Guatemalan troops have detained hundreds of migrants at the country’s border with Honduras as thousands of people, including many families with young children, continued to walk north as part of a caravan hoping to reach the US.
Six hundred migrants were detained at the border on Friday and transferred to immigration authorities on Friday, according to a military spokesman. Guatemalan authorities also returned a further 102 Honduran migrants to Honduras, after the first groups in the caravan set off from San Pedro Sula.
The Red Cross estimates that up to 4,000 people could join the caravan, as Honduras reels from violence and an economy shattered by hurricanes and coronavirus lockdowns.
“We’re suffering from hunger,” said Óscar García as he made his way toward the Guatemala border. The banana plantation worker said his home had been destroyed in November’s hurricanes, and that he was fleeing north hoping to earn enough to send money back to support his mother and his young daughter.
“It’s impossible to live in Honduras. There’s no work, there’s nothing,” he added.
The first migrant caravan of the year comes less than a week before Joe Biden takes office in the US.

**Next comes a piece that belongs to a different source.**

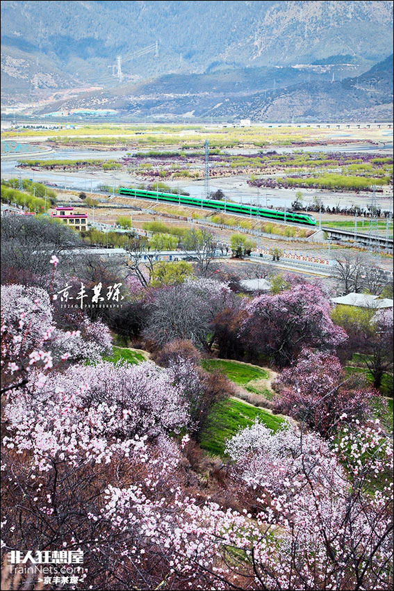 2024年3月,林芝市,工布原乡桃花林与拉林铁路的CR200JS-G双源动车组。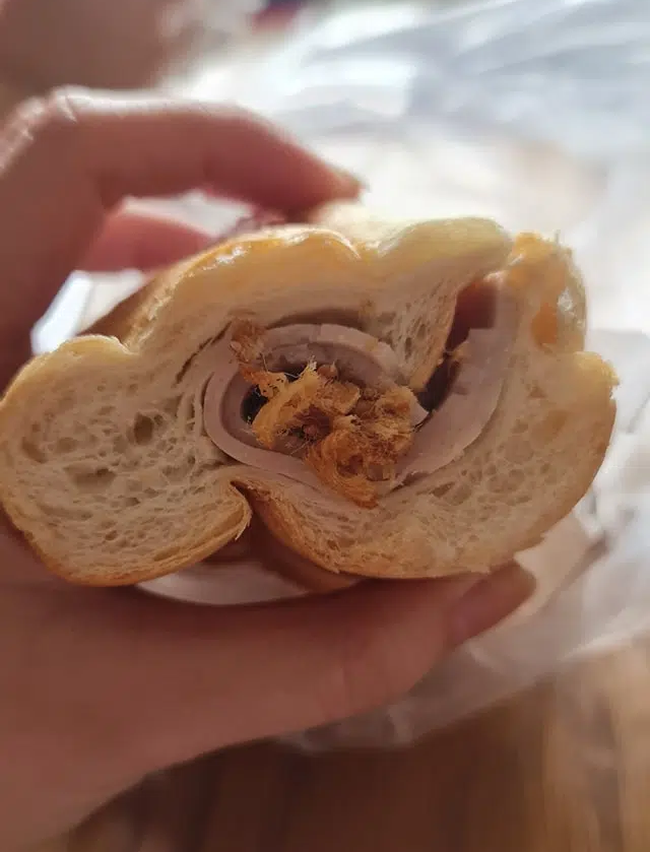 Những lời mô tả đầy sinh động của chủ nhân chiếc bánh khiến dân mạng cười rơi lệ. Soi bức ảnh chụp nhân bánh đầy chân thực kèm theo, ai cũng công nhận là 42k quá đắt so với chất lượng và hình thức. Tuy phần nhân bánh nhìn cũng đơn giản và bắt mắt, nhưng chỉ có 2 miếng dăm bông mỏng dính kẹp lớp ruốc thịt bên trong, không có rau dưa nước sốt gì cả, hương vị cũng được cô gái trẻ kể lại nghe khá ám ảnh, chẳng ai muốn nếm thử chút nào.

While the president-elect has promised a more humane approach to migration, in a departure from Donald Trump’s anti-immigrant policies, Guatemala, Honduras, El Salvador and Mexico are coordinating their own security and public health measures aimed at curtailing irregular migration across the region.
That will probably be a relief for Biden, whose aides have privately expressed concerns about the prospect of growing numbers of migrants seeking to enter the US in the early days of his administration.
On Thursday, Guatemala cited the pandemic in order to declare emergency powers in seven border provinces migrants frequently transit through en route to Mexico. The measures limit public demonstrations and allow authorities to disperse any public meeting, group or demonstration by force.
On Friday, Mexico also deployed soldiers and riot police to its border with Guatemala.
Central America is reeling from a growing hunger crisis in the devastating fallout of the hurricanes and climate change, as well as corruption, violence and the coronavirus.